Nestled in the Chilean Andes at altitude of 7,900 feet (2,400 m), the European Southern Observatory's 3.6-m reflector at La Silla is neither the highest nor the largest telescope in the region. Far from it. However, coupled with the incredible HARPS spectrograph, this telescope is cranking out discoveries of extrasolar planets faster than any other observatory on Earth.
Today, at a gathering of planet-hunting astronomers in France, Christophe Lovis (Geneva Observatory) announced that his team has identified a solar system packed with planets — five for sure, and probably seven — using the La Silla facility. It's the most populous exoplanet system known.
The central star is HD 10180, a type G dwarf situated 137 light-years away in the southern constellation Hydrus. It's one of 400 nearby Sunlike stars that astronomers have been monitoring from La Silla for years. HARPS can't see these worlds directly; instead it detects minuscule Doppler shifts in the stars' light, caused by back-and-forth wobbles in their motion that, over time, reveal the presence of planets circling around them. In the case of HD 10180, the telescope amassed 190 nights of observations over six years.
You could make a case that spotting alien planets has gotten a little ho-hum — after all, the total count (including those orbiting the Sun) now tops 500, and 15 systems involve at least three planets.
But HD 10180 definitely raises the bar. Its five sure-things, dubbed C, D, E, F, and G, have Neptune-class masses 13 to 25 times that of Earth. But all five are quite close to the star, in orbits that range from 0.06 to 1.4 astronomical units (5½ to 130 million miles out). So much mass packed so close together is bound to incite gravitational tussles among them, and future observations will follow the long-term evolution of the system.
Solar systems compared
A comparison of our solar system with that of HD 10180 and other stars encircled by at least three planets. Black lines indicate the range of distance due to eccentric orbits.
But wait — there's more! Lovis and his team are fairly certain there's a sixth planet, H, with at least 65 Earth masses (making it Saturn-ish) and orbiting 3.4 a.u. from the star. There's also strong evidence for a seventh sibling, B, zipping just 0.02 a.u (2 million miles) from the star. Although not yet confirmed, this innermost planet might be very close to Earth in mass. It causes a wobble in HD 10180 only about 2 miles (3 km) per hour — "slower than walking speed," notes team member Damien Ségransan — and is thus very hard to measure.

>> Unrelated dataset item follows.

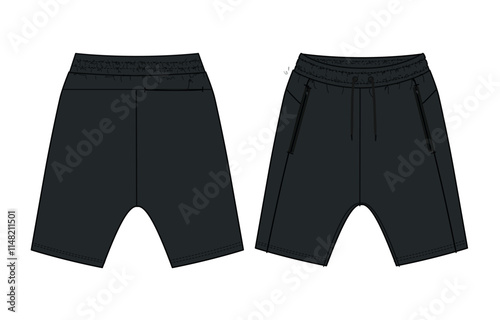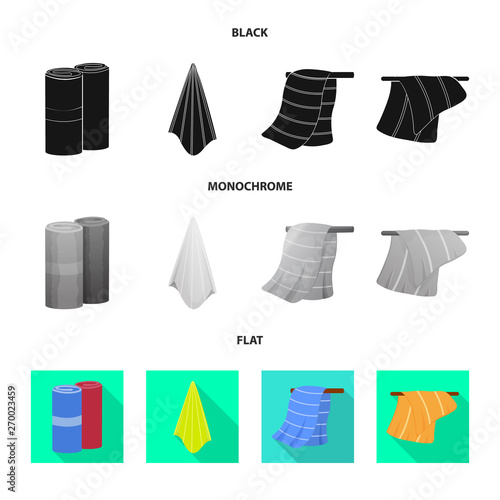 Black fluttering curtain set, vector illustration isolated on white background. Realistic lightweight curtains, window coverings for interior decoration.

For all the details, read the team's article in the current issue of Astronomy & Astrophysics. At upper right is Figure 13, a concise comparison of solar systems with three or more planets (one is missing, however: the four-member set circling pulsar PSR 1257+12).
Now that we know of a system as crowded with planets as our own, isn't it about time we starting finding some that resemble Earth? That bar-raising exoplanet discovery may not be long in coming — NASA's Kepler spacecraft is looking for them right now.